When graph metrics fall outside targets:

  1. |E|/|V| < 4: Graph too sparse—identify disconnected concepts, add bridging relationships
  2. Isolation > 20%: Too many orphan nodes—run connectivity analysis
  3. Clustering < 0.3: Lacks small-world property—add local triangulation

File Structure

```

/mnt/skills/user/knowledge-graph/

├── SKILL.md # This file

├── schemas/

│ ├── core_ontology.md # Universal entity/relationship types

│ ├── coding_domain.md # Software development extension

│ └── categorical_ontology.md # Category-theoretic type system

├── templates/

│ ├── extraction_template.md # JSON format specification

│ └── metagraph_template.md # Hierarchical metagraph format

└── scripts/

├── validate_graph.py # Quality validation

├── merge_graphs.py # Deduplication and merging

├── analyze_graph.py # Refinement strategy generation

├── compress_graph.py # k-bisimulation compression

├── structural_equivalence.py # Automorphism computation

├── topology_metrics.py # Graph topology analysis

└── verify_compression.py # Query preservation verification

```

Dependencies

All scripts require Python 3.7+ with standard library only (no external packages for core functionality).
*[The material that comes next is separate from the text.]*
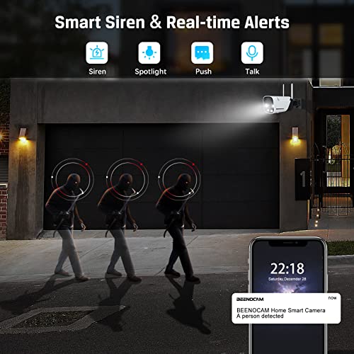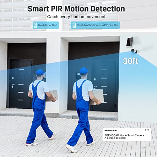 🌞【100% Wireless&Solar Powered】BEENOCAM outdoor security camera built-in 15000mAh large capacity rechargeable batteries, combo with self-power solar panel, providing you 365 days non-stop power supply. It's 100% wire-free, no power cord or network cable. The wireless cameras for home security can be installed almost anywhere,such as a shop,home,garage,yard,outdoor/indoor. Eco-friendly and money-saving! - 🏃【PIR Motion Detection&Real-time Alert】 With built-in human-AI technology, Security cameras wireless outdoor greatly improve human detection ability, reducing false alarms from insects and branches. Camera surveillance exterieur will send real-time alerts to your phone once any suspicious motion events detected, trigger loud siren, spotlight, or sound effects to frighten away unwanted visitors, protecting your family and property.

Optional NetworkX for advanced topology metrics.

Best Practices Summary

  1. Always start with schema: Load appropriate ontology before extraction
  2. Include confidence scores: Never omit—use 0.5 if uncertain
  3. Track provenance: Every entity/relationship needs source metadata
  4. Validate early: Run validation after each extraction
  5. Analyze topology: Check |E|/|V| ratio before refinement
  6. Compress strategically: Use k=5 for k-bisimulation (sufficient for most graphs)
  7. Preserve queries: Specify which query types must remain answerable
  8. Iterate with metrics: Let topology and compression metrics guide improvement

Integration with Other Skills

This skill composes naturally with:

  • hierarchical-reasoning: Strategic→tactical→operational maps to metagraph levels
  • obsidian-markdown: Compressed graphs export as linked note structures
  • knowledge-orchestrator: Automatic routing for extraction→compression→documentation workflows
  • infranodus-orchestrator: Text network analysis → k-bisimulation compression

Hierarchical Reasoning Integration

```yaml

mapping:

strategic_level: metagraph_level_0

tactical_level: metagraph_level_1

operational_level: metagraph_level_2

convergence_metrics: compression_ratio, query_preservation

```

Evaluation Criteria

A high-quality extraction with compression demonstrates:

  • Completeness: Major entities and relationships captured
  • Accuracy: High confidence scores (avg >0.7) and validated
  • Connectivity: |E|/|V| ≥ 4:1, isolation <20%
  • Compressibility: Achieves ≥50% reduction via k-bisimulation
  • Preservation: Specified queries remain answerable post-compression
  • Scale-invariance: Finite fractal dimension for hierarchical structures

---

Core Philosophy: Knowledge graphs emerge through iterative refinement—initial extraction establishes structure, topology analysis reveals density gaps, structural equivalence enables compression, and categorical quotients preserve essential relationships while eliminating redundancy. The compression is "lossy but structure-preserving" because categorical equivalence guarantees that compressed representations support all the same inferences as their originals.